_WHAT YOU ARE ASKED TO DO_
Only the lines below from the one with "Sur les routes" through the one with "- Branded Exterior" are to be written out, exactly and without any images.

_RECORDS FOR THE TASK_
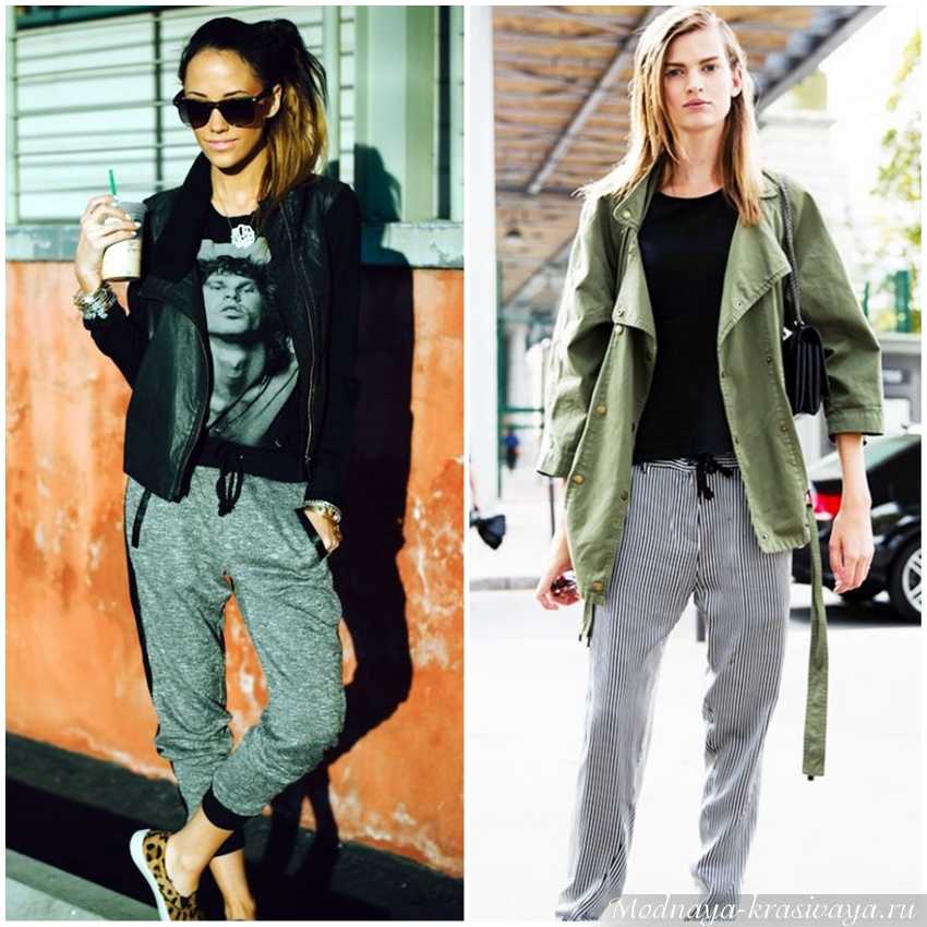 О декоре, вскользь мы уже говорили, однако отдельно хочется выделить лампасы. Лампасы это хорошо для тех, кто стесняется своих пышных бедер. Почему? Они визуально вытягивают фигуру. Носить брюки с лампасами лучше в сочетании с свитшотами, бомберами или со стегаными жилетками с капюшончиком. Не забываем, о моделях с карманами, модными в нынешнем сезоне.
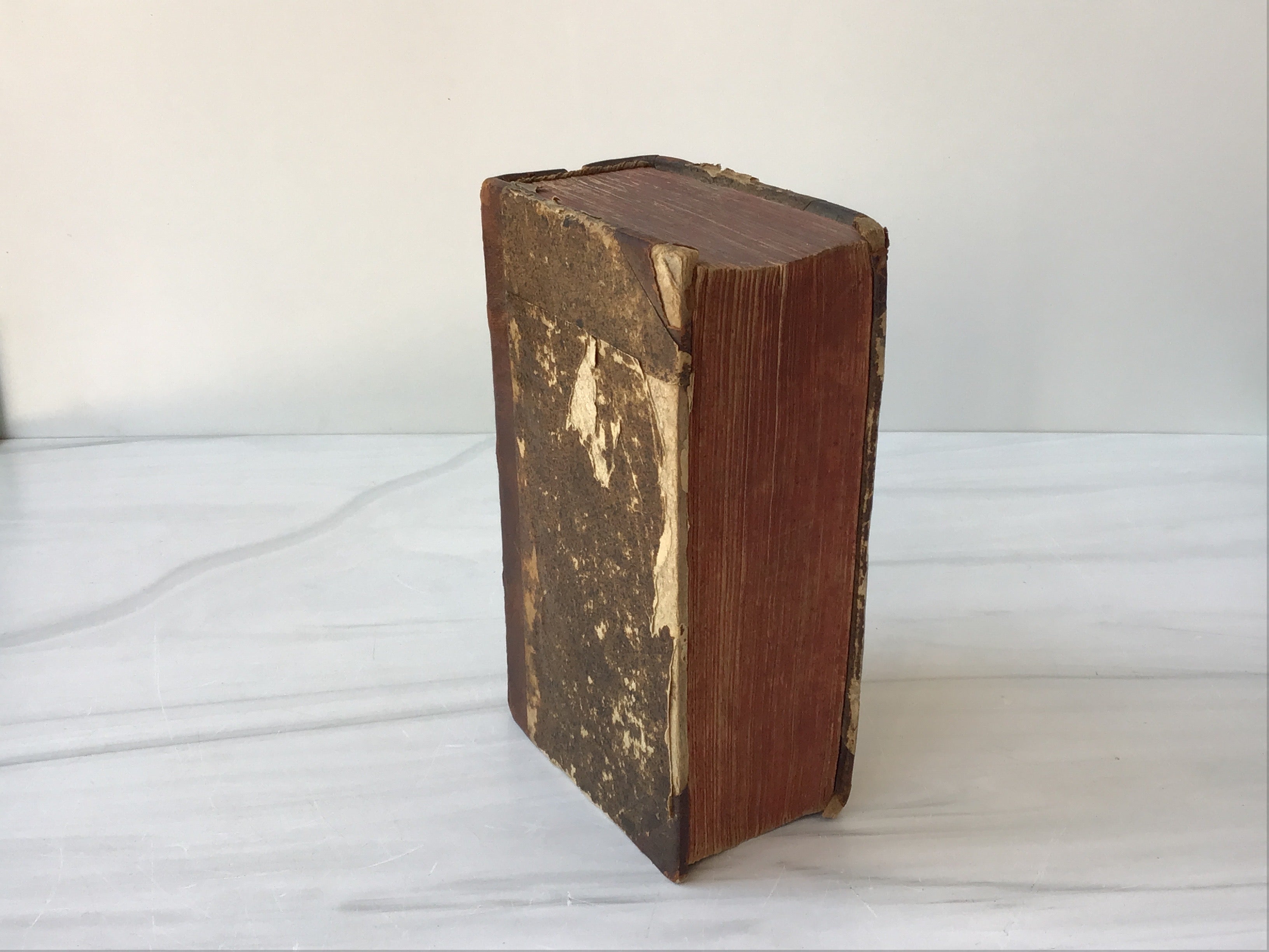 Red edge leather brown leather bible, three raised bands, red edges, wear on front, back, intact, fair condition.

* * *

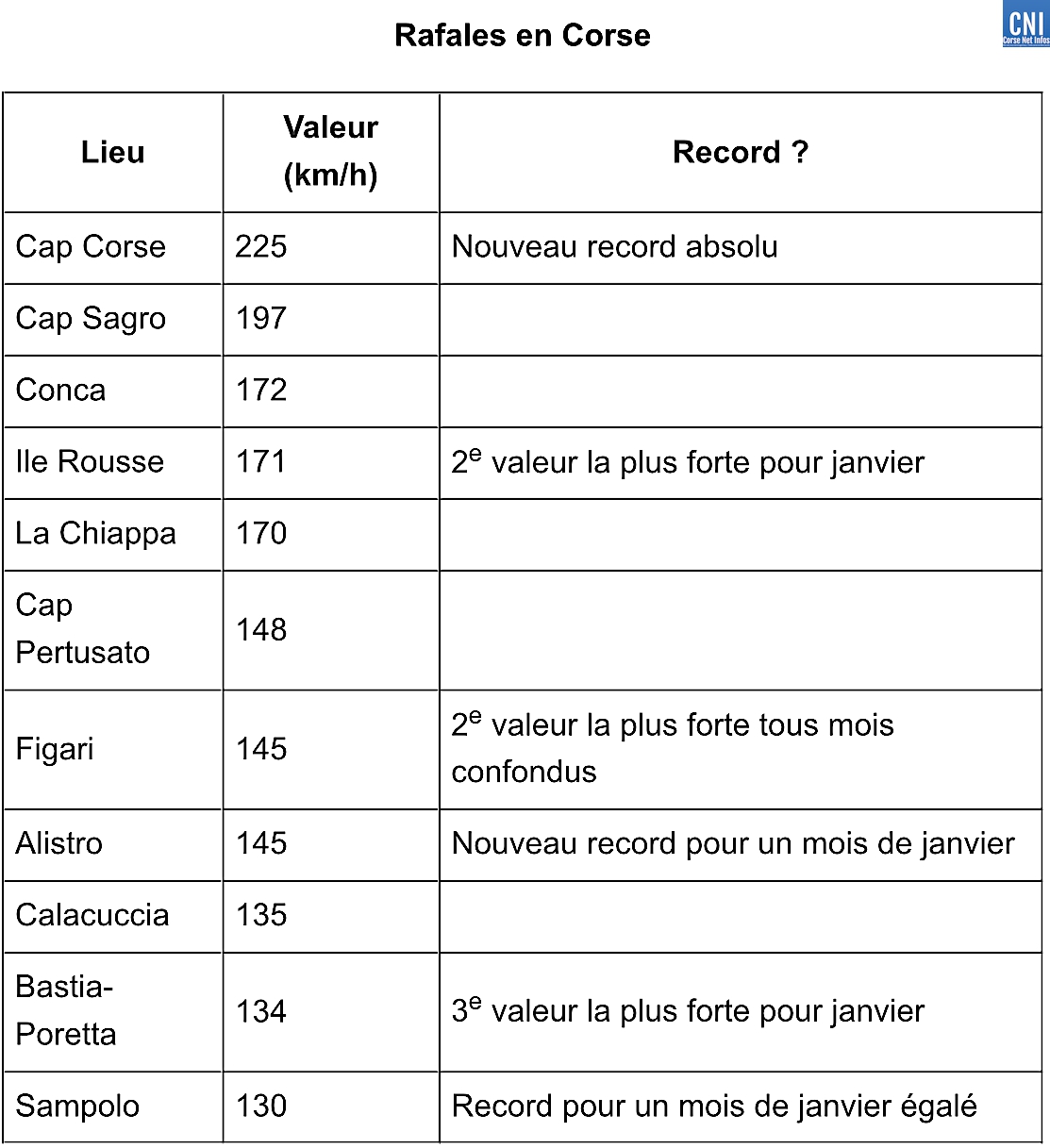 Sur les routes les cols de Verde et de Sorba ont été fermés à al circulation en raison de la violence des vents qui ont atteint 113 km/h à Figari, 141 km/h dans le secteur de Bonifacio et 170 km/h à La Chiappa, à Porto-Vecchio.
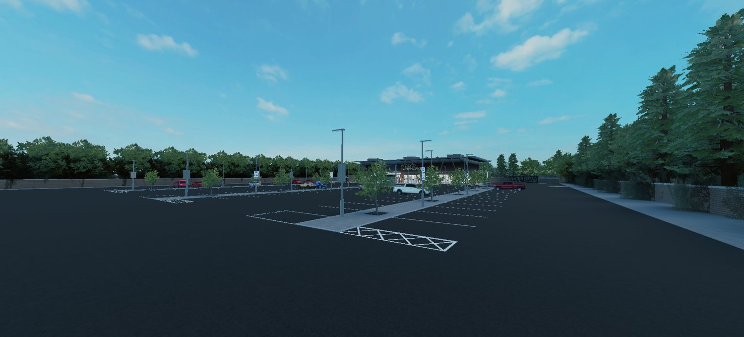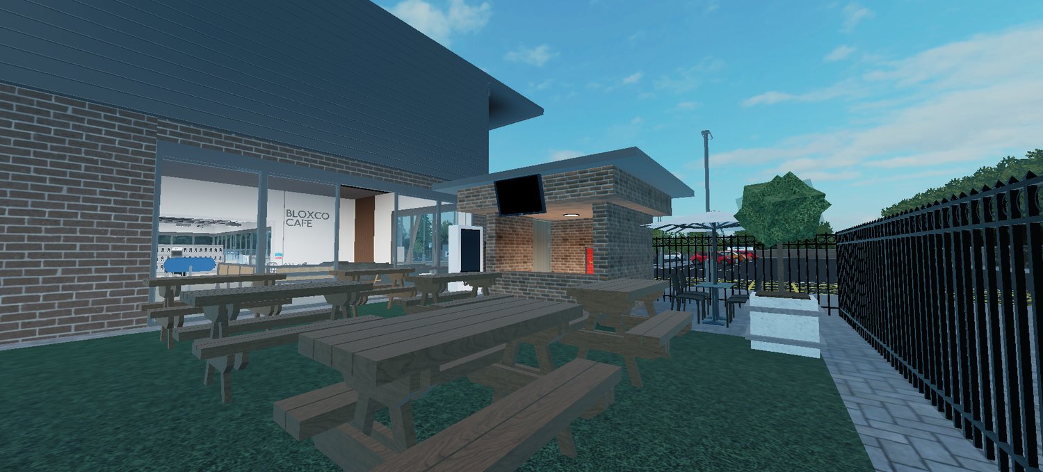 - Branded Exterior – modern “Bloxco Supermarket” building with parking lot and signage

_ANSWER_
 Sur les routes les cols de Verde et de Sorba ont été fermés à al circulation en raison de la violence des vents qui ont atteint 113 km/h à Figari, 141 km/h dans le secteur de Bonifacio et 170 km/h à La Chiappa, à Porto-Vecchio.
 - Branded Exterior – modern “Bloxco Supermarket” building with parking lot and signage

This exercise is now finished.